[Data block — start]

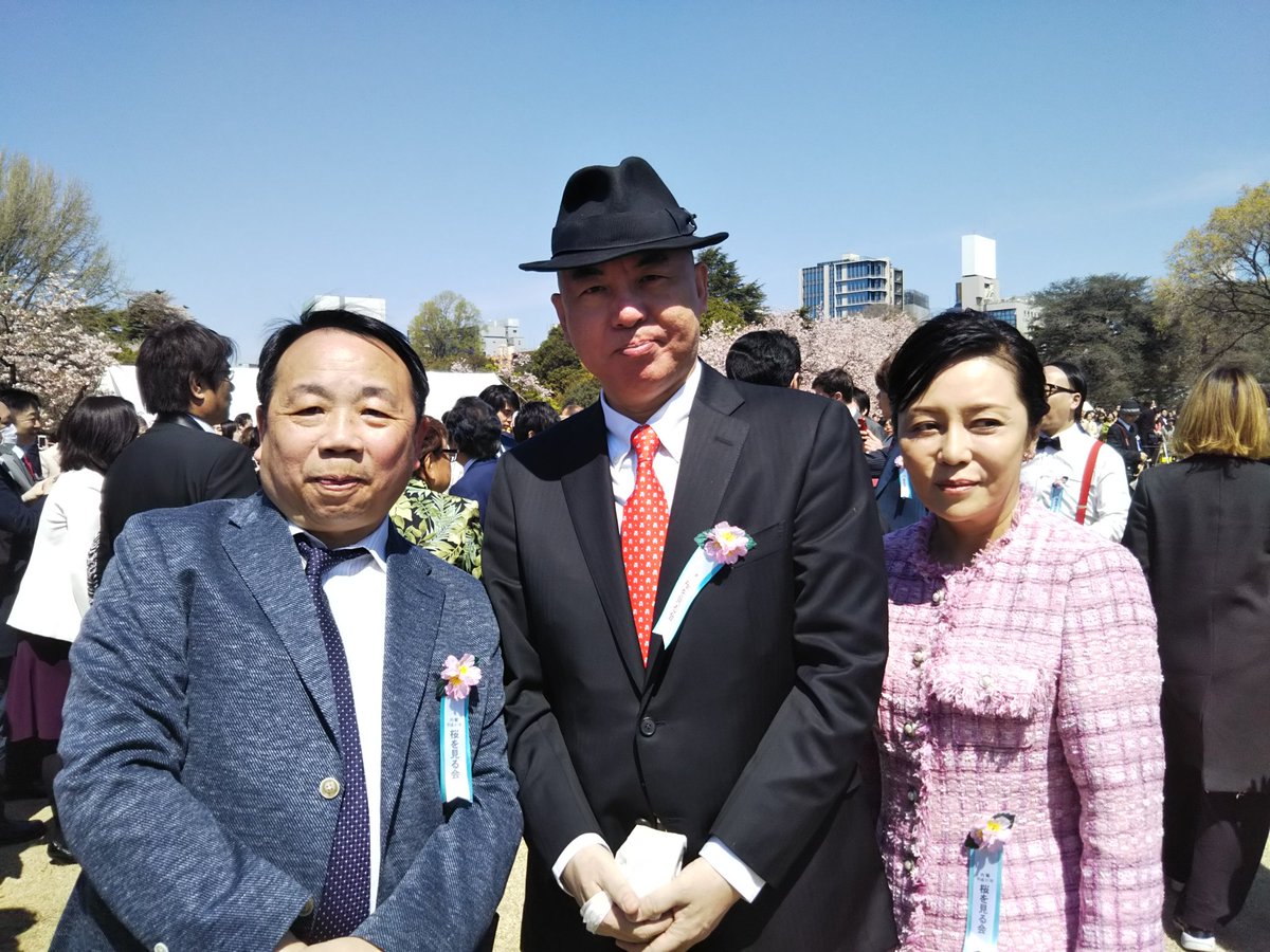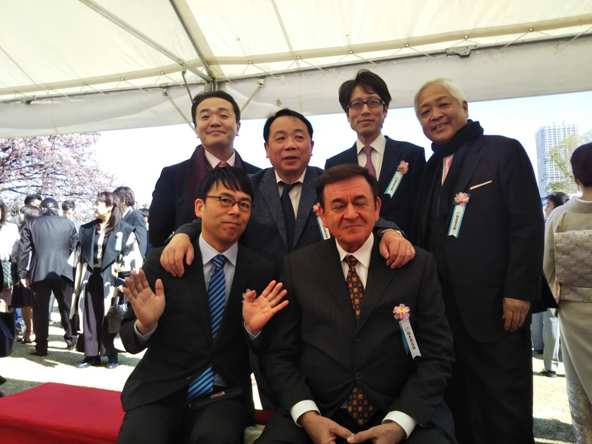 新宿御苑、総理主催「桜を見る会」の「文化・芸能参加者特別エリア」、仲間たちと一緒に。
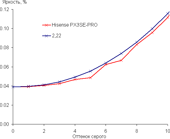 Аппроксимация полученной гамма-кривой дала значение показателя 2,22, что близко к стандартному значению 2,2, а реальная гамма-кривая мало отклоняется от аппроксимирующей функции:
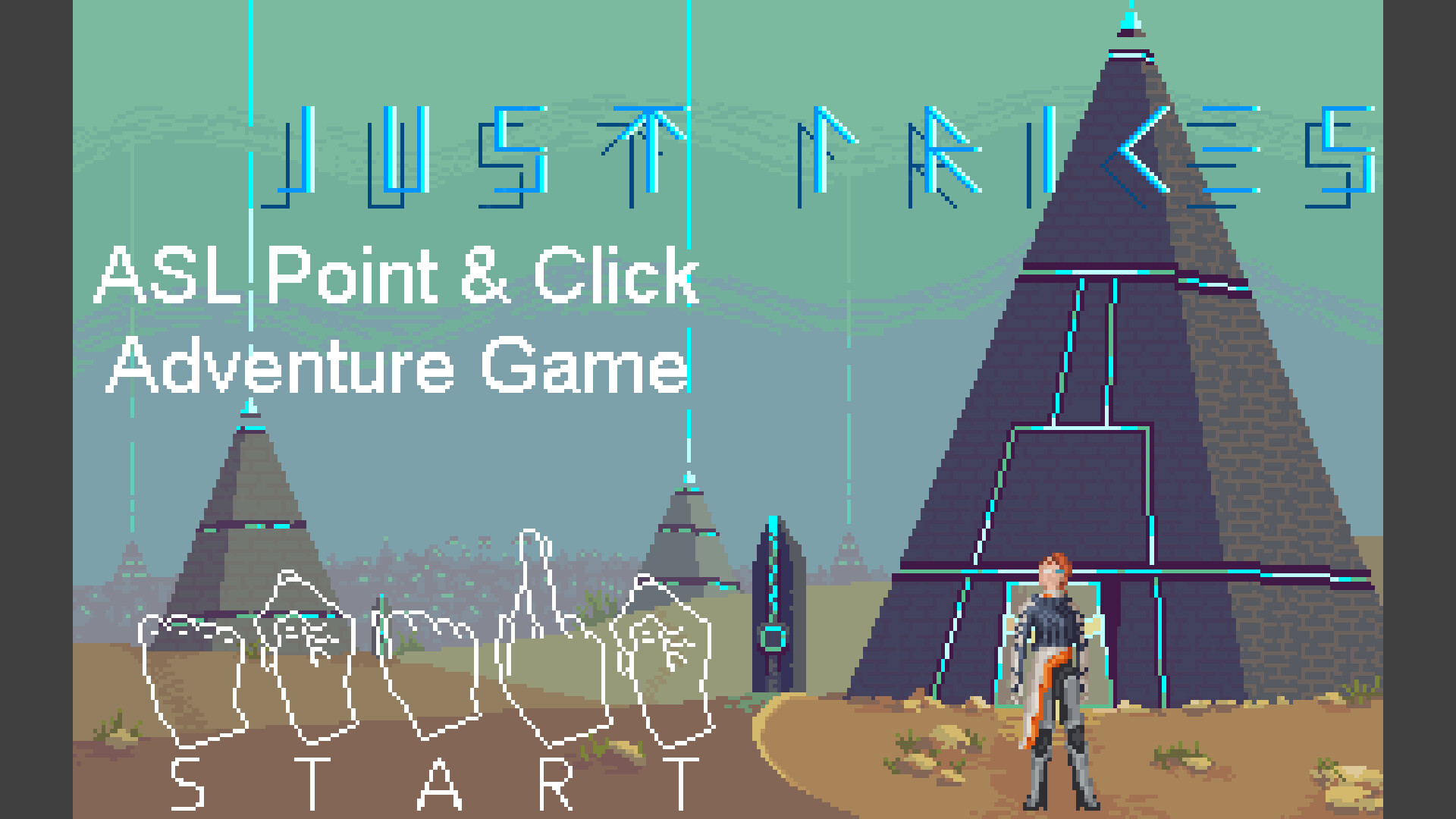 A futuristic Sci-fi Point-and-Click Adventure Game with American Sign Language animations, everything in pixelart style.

[Data block — finish]

Could the data above be repeated exactly, with every picture dropped?

= Answer to this exercise =
 新宿御苑、総理主催「桜を見る会」の「文化・芸能参加者特別エリア」、仲間たちと一緒に。
 Аппроксимация полученной гамма-кривой дала значение показателя 2,22, что близко к стандартному значению 2,2, а реальная гамма-кривая мало отклоняется от аппроксимирующей функции:
 A futuristic Sci-fi Point-and-Click Adventure Game with American Sign Language animations, everything in pixelart style.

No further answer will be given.